Transcribe only the lines in the data below falling between the line with "Figure 5: siRNA" and the line with "Ухоженный двор, с", including those two lines, and leave out any picture.

* _MATERIAL PROVIDED_

'''

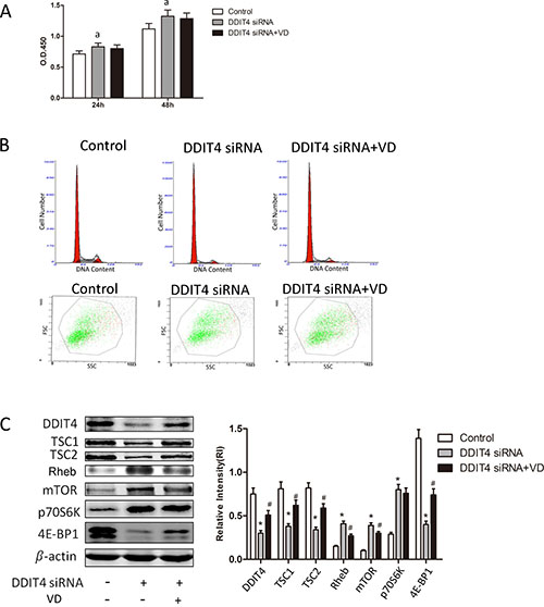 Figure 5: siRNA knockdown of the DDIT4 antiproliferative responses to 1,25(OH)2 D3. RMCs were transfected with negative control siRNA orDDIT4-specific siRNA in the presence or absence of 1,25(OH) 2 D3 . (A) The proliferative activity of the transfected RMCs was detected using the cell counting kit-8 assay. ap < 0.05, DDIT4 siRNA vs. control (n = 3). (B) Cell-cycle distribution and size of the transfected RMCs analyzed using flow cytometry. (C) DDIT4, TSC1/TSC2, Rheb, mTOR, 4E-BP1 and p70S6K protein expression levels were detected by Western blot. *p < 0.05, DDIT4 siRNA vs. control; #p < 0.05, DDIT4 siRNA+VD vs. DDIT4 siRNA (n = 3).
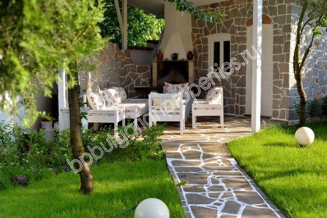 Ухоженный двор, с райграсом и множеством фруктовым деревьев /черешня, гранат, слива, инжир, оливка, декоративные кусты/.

'''
'''

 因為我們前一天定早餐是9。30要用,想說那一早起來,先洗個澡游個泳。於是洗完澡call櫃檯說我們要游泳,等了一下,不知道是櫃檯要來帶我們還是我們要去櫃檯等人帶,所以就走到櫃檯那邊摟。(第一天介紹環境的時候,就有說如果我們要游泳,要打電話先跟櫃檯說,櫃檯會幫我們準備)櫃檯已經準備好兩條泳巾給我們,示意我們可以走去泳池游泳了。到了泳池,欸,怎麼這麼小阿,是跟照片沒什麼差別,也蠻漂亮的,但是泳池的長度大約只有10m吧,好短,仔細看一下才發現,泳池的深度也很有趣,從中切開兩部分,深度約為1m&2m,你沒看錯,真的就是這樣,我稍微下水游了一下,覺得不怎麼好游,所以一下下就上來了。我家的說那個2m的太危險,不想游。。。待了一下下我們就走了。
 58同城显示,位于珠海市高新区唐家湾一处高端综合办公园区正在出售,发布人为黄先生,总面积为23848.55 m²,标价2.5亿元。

'''

* _ANSWER FOR THE TASK_
 Figure 5: siRNA knockdown of the DDIT4 antiproliferative responses to 1,25(OH)2 D3. RMCs were transfected with negative control siRNA orDDIT4-specific siRNA in the presence or absence of 1,25(OH) 2 D3 . (A) The proliferative activity of the transfected RMCs was detected using the cell counting kit-8 assay. ap < 0.05, DDIT4 siRNA vs. control (n = 3). (B) Cell-cycle distribution and size of the transfected RMCs analyzed using flow cytometry. (C) DDIT4, TSC1/TSC2, Rheb, mTOR, 4E-BP1 and p70S6K protein expression levels were detected by Western blot. *p < 0.05, DDIT4 siRNA vs. control; #p < 0.05, DDIT4 siRNA+VD vs. DDIT4 siRNA (n = 3).
 Ухоженный двор, с райграсом и множеством фруктовым деревьев /черешня, гранат, слива, инжир, оливка, декоративные кусты/.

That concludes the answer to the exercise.